This presentation was to leadership regarding ongoing work to identify a storage solution for a large scale searchable address database. The related product never went to market.
DB_Eval.pptx1450.5KB
Multi-Model Databases - Magic or Madness
Current State
- Default Choice: PostgreSQL (RDS / Aurora on AWS)
- Document DB: MongoDB / DocumentDB
- Concerns about clustering and data integrity.
- Graph DB: Neo4J, Neptune (TBD)
- Property style (Gremlin) or RDF (SPARQL) style; Neptune supports both.
- Search DB: Elastic Search (SOLR / Lucene)
Contenders
- Multi-Model Databases: MarkLogic, ArangoDB, OrientDB, FoundationDB, Microsoft SQL Server, Oracle DB NoSQL, Datastax, Redis.
- Each contender provides all-in-one capabilities for document, graph, and search.
Evaluation Criteria
- Functional and Non-functional Requirements:
- Fitness to specific data types and derivative data models.
- Ease of Use: Supported languages and documentation.
- Operational Characteristics: Deployment model, scaling, clustering, performance, security, backup and recovery, tools support (e.g., Tableau).
- Cost Considerations:
- Building a POC (Proof of Concept) use case.
Challenges and Concerns
- Data Population: Origin of data and AWS constraints.

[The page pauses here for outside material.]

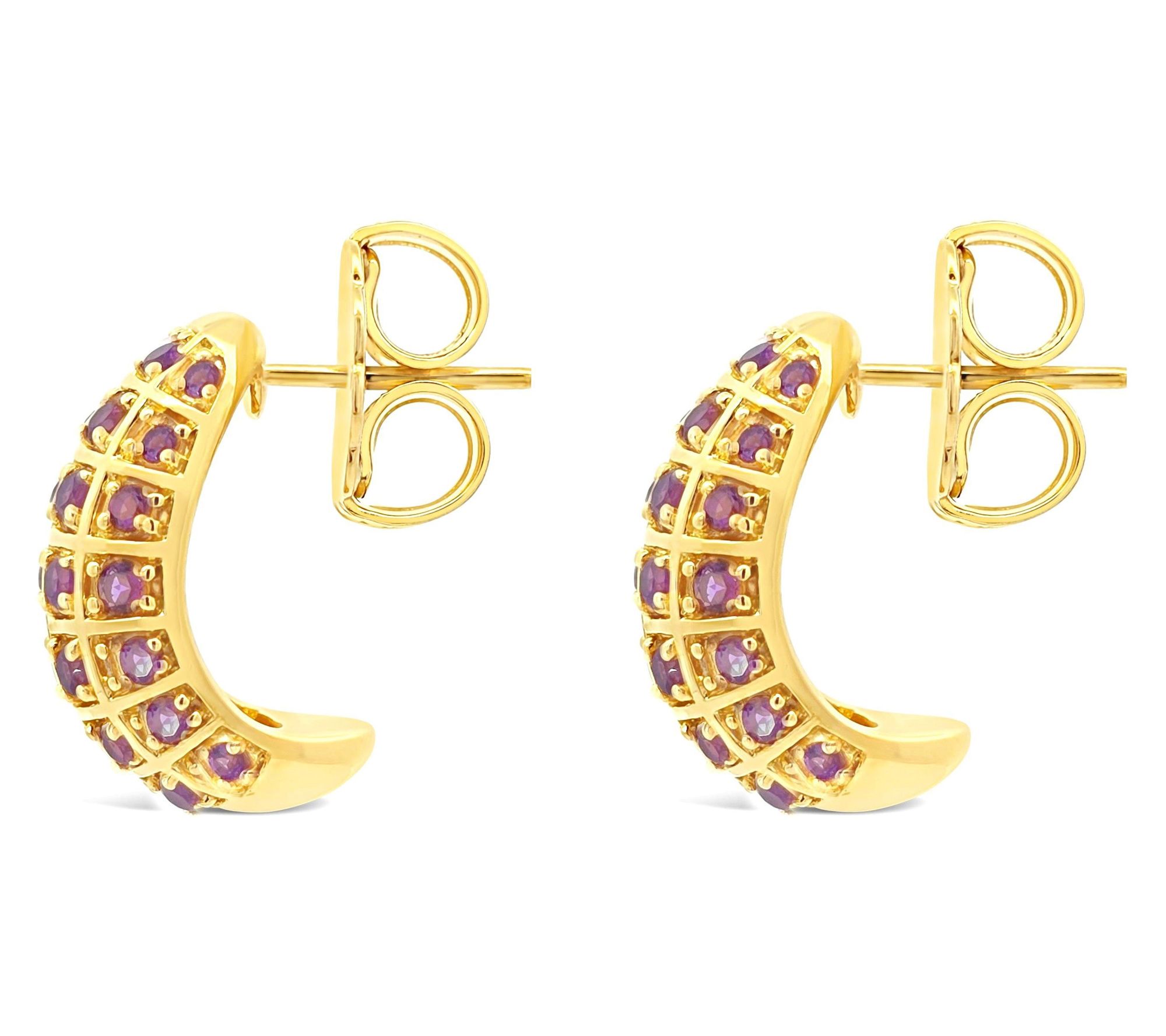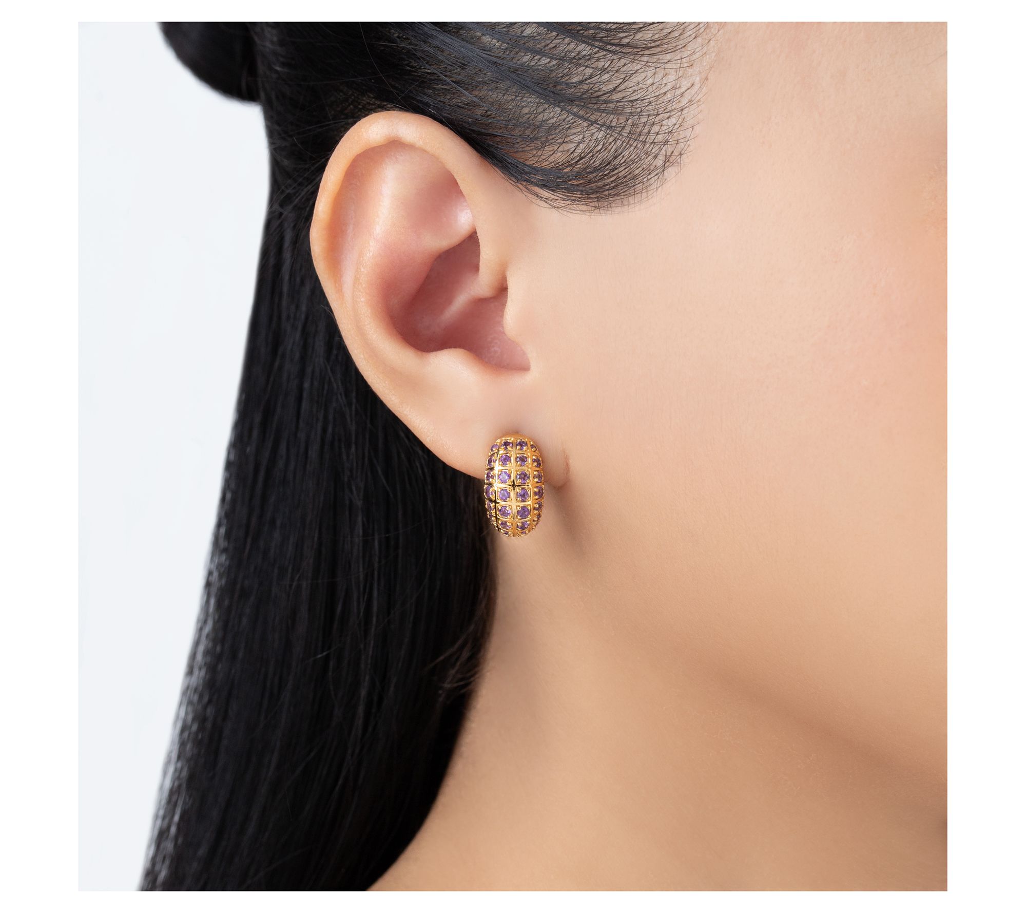 Heading into brunch or heading out for evening plans, these vibrant hoops deliver a splash of color and a fresh twist on classic style. The round amethyst stones, set in 14K yellow gold-clad sterling silver, shimmer with every move. Bring your favorite little black dress to life or add polish to your favorite jeans and blazer. From Elyse Ryan.

- Feature Analysis: Navigating through hype to find practical feature sets.
- Performance: Concern if multi-model DBs are mediocre at each function.
- Vendor Support: Need for vendors to provide long-term engagement.
Execution Strategy
- Paper Study: Documenting features against evaluation criteria.
- Hands-On: Implementing small POCs with actual code.
- Vendor Engagement: Engaging vendors for long-term support.
POC (Proof of Concept)
- Data Ingestion: Ingest data from sources to a target schema.
- Search Capability: Demonstrate a search functionality for finding restaurants based on location, with expanding search radius.
Evaluation of Specific Databases
- MarkLogic:
- XML internal representation, supports RDF, JSON, XML, binaries.
- ACID compliance, entity matching, strong security controls.
- Known internal experience and relationship with the product.
- ArangoDB:
- Native multi-model with ACID compliance.
- Supports JOINs, unified query language (AQL), search functionality from IResearch acquisition.
- OrientDB:
- Started as document-focused, now multi-model.
- ACID compliance, uses SQL and supports JOINs, Lucene-based search.
Outcomes
- Guidelines for Usage: Recommendations for when to use multi-model databases.
- Guardrails: Direct users to internal resources for decision-making.
- Solutions Architecture: Aid in integrating solutions into specific designs.
Challenges and Concerns
- Data origin and AWS constraints.
- Digging through hype to evaluate feature sets.
- Performance concerns of multi-model databases.
- Ensuring contenders are close to best-in-class features.
- Historical performance issues of multi-model databases.